(Stored records)
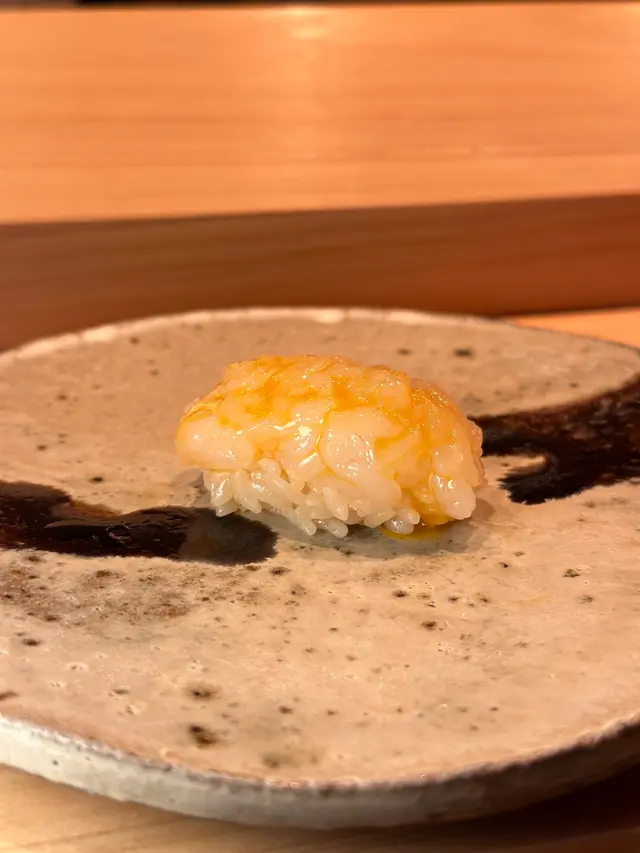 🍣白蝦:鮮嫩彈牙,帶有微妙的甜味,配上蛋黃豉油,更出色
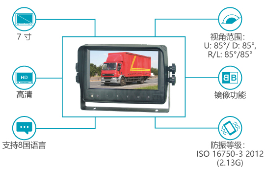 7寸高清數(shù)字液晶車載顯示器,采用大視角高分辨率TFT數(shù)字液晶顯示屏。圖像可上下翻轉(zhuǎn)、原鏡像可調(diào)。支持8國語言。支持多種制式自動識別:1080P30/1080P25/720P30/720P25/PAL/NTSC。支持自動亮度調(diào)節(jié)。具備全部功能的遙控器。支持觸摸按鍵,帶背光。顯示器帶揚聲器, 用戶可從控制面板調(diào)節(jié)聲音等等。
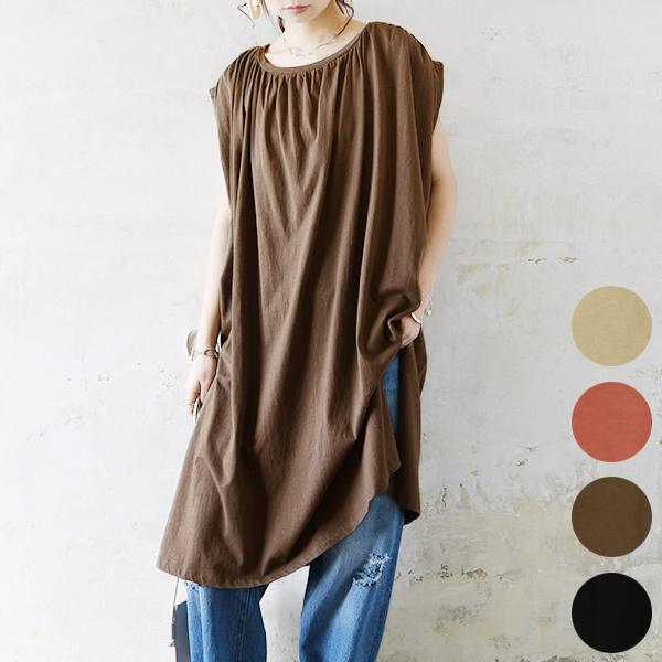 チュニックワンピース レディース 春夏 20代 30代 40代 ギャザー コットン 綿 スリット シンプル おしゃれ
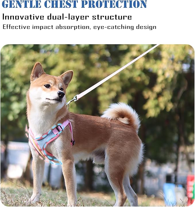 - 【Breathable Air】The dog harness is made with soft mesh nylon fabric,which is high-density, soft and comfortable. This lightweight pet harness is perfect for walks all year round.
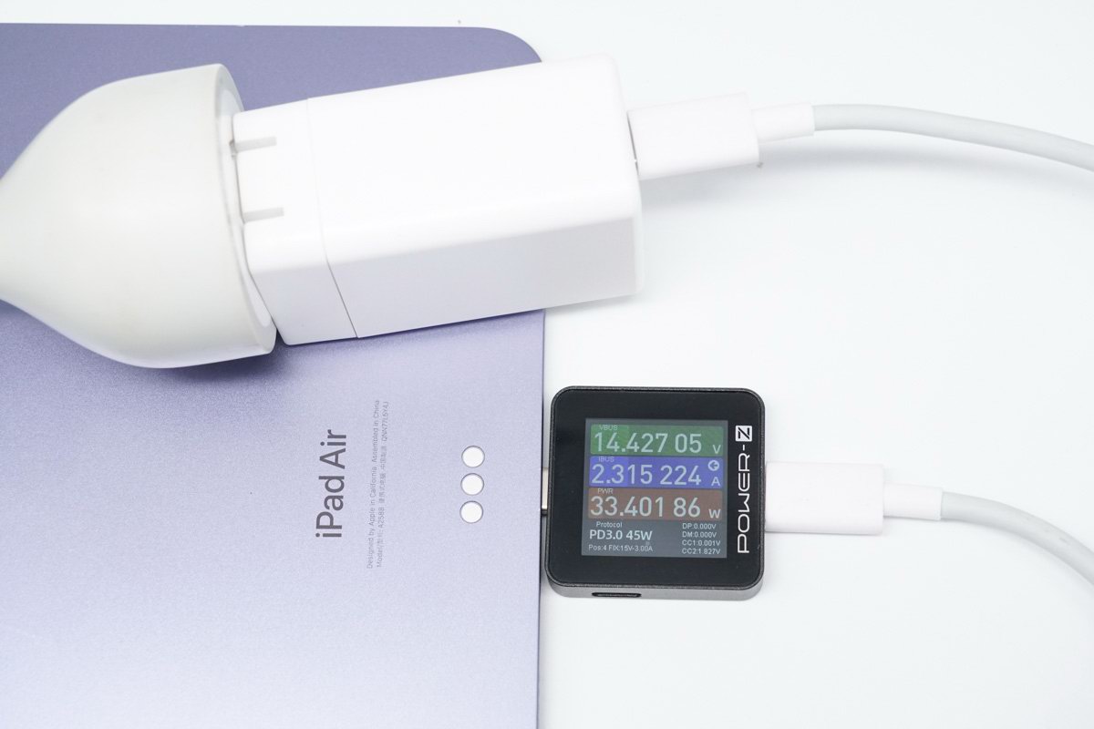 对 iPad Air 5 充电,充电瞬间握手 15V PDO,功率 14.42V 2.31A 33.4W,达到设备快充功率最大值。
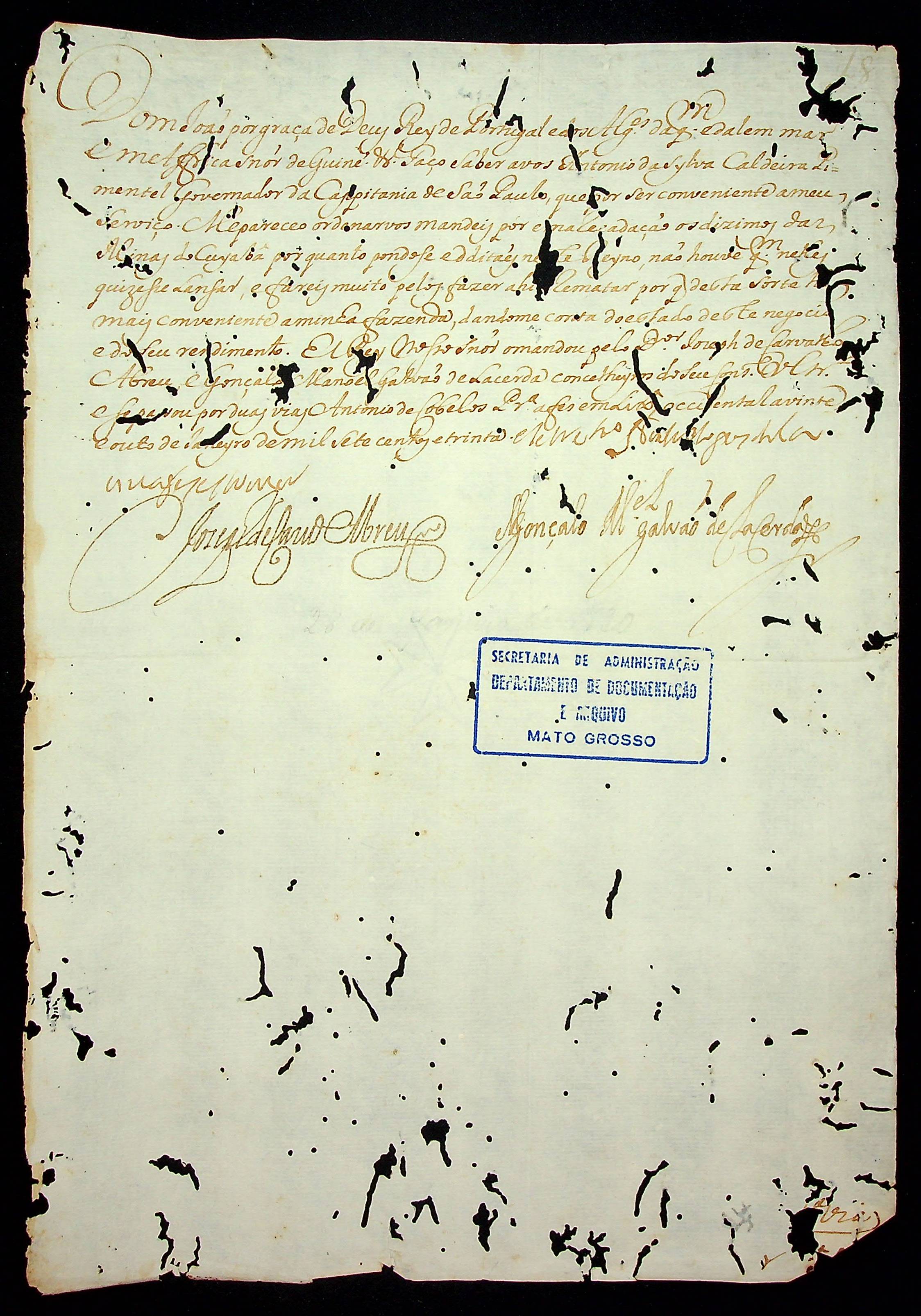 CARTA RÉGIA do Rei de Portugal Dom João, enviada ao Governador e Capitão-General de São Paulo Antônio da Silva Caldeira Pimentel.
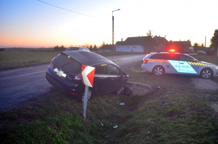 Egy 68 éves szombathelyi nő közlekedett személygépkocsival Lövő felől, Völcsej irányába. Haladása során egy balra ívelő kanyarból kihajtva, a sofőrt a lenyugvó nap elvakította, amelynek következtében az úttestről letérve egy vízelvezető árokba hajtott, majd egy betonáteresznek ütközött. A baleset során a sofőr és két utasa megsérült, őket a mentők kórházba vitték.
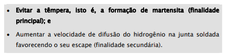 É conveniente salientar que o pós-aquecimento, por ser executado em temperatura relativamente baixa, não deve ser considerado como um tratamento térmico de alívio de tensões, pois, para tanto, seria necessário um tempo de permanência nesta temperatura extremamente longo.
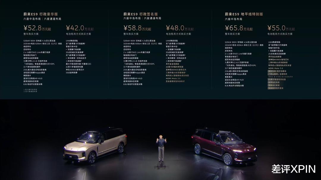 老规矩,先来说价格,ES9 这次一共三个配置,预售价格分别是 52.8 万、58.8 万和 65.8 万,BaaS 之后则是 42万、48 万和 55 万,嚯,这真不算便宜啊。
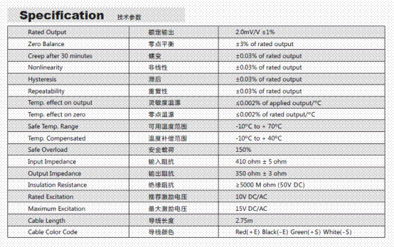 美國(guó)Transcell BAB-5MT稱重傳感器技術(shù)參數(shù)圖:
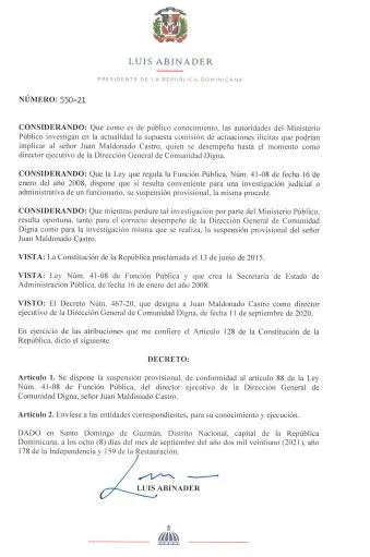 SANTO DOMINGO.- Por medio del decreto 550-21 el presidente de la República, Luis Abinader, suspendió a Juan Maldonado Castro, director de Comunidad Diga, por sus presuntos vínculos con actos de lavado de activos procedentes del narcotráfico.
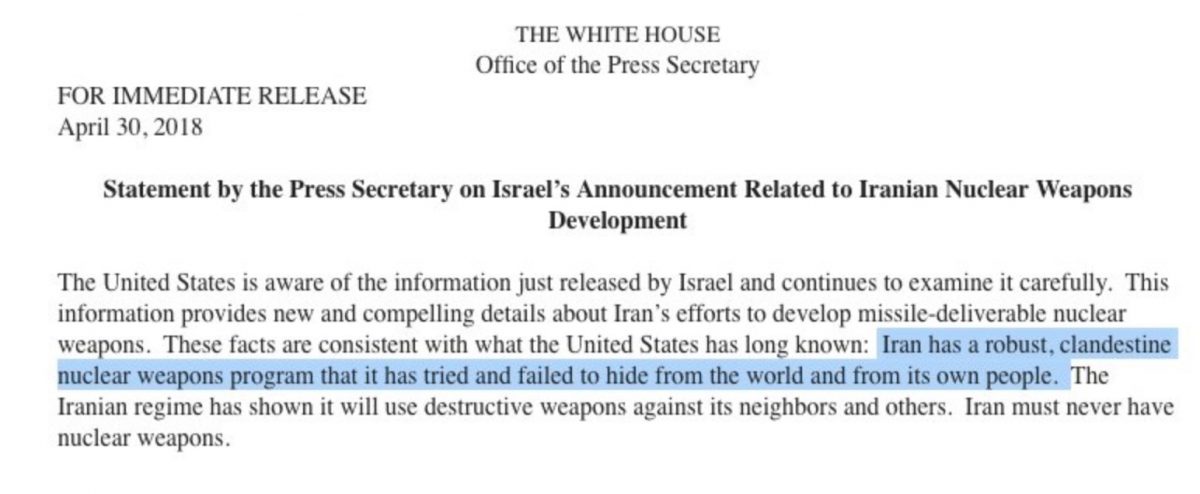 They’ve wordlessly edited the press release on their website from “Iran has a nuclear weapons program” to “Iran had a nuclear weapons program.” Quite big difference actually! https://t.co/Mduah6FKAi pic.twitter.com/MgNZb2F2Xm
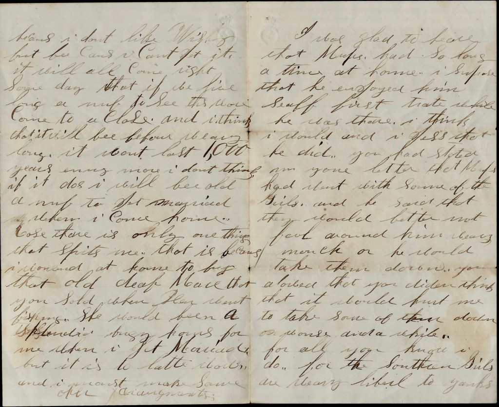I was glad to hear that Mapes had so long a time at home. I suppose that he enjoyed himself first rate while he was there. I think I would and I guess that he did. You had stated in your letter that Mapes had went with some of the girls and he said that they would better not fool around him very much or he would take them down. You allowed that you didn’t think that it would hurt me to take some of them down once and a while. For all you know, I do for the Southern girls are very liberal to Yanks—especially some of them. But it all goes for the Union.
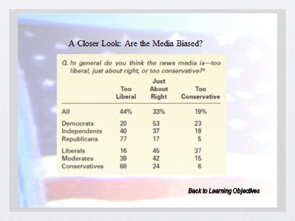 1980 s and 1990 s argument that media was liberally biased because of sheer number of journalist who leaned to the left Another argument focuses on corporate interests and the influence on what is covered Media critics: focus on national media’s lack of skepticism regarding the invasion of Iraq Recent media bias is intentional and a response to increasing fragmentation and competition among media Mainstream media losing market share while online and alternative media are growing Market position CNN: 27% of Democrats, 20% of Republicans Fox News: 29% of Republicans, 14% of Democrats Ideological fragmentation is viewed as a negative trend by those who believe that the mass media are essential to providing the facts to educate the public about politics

- [WHAT YOU WILL DO] Your answer is the exact run of lines above from the one with "Egy 68 éves" through the one with "I was glad to", both ends included, minus any picture.

- [ANSWER SECTION]
 Egy 68 éves szombathelyi nő közlekedett személygépkocsival Lövő felől, Völcsej irányába. Haladása során egy balra ívelő kanyarból kihajtva, a sofőrt a lenyugvó nap elvakította, amelynek következtében az úttestről letérve egy vízelvezető árokba hajtott, majd egy betonáteresznek ütközött. A baleset során a sofőr és két utasa megsérült, őket a mentők kórházba vitték.
 É conveniente salientar que o pós-aquecimento, por ser executado em temperatura relativamente baixa, não deve ser considerado como um tratamento térmico de alívio de tensões, pois, para tanto, seria necessário um tempo de permanência nesta temperatura extremamente longo.
 老规矩,先来说价格,ES9 这次一共三个配置,预售价格分别是 52.8 万、58.8 万和 65.8 万,BaaS 之后则是 42万、48 万和 55 万,嚯,这真不算便宜啊。
 美國(guó)Transcell BAB-5MT稱重傳感器技術(shù)參數(shù)圖:
 SANTO DOMINGO.- Por medio del decreto 550-21 el presidente de la República, Luis Abinader, suspendió a Juan Maldonado Castro, director de Comunidad Diga, por sus presuntos vínculos con actos de lavado de activos procedentes del narcotráfico.
 They’ve wordlessly edited the press release on their website from “Iran has a nuclear weapons program” to “Iran had a nuclear weapons program.” Quite big difference actually! https://t.co/Mduah6FKAi pic.twitter.com/MgNZb2F2Xm
I was glad to hear that Mapes had so long a time at home. I suppose that he enjoyed himself first rate while he was there. I think I would and I guess that he did. You had stated in your letter that Mapes had went with some of the girls and he said that they would better not fool around him very much or he would take them down. You allowed that you didn’t think that it would hurt me to take some of them down once and a while. For all you know, I do for the Southern girls are very liberal to Yanks—especially some of them. But it all goes for the Union.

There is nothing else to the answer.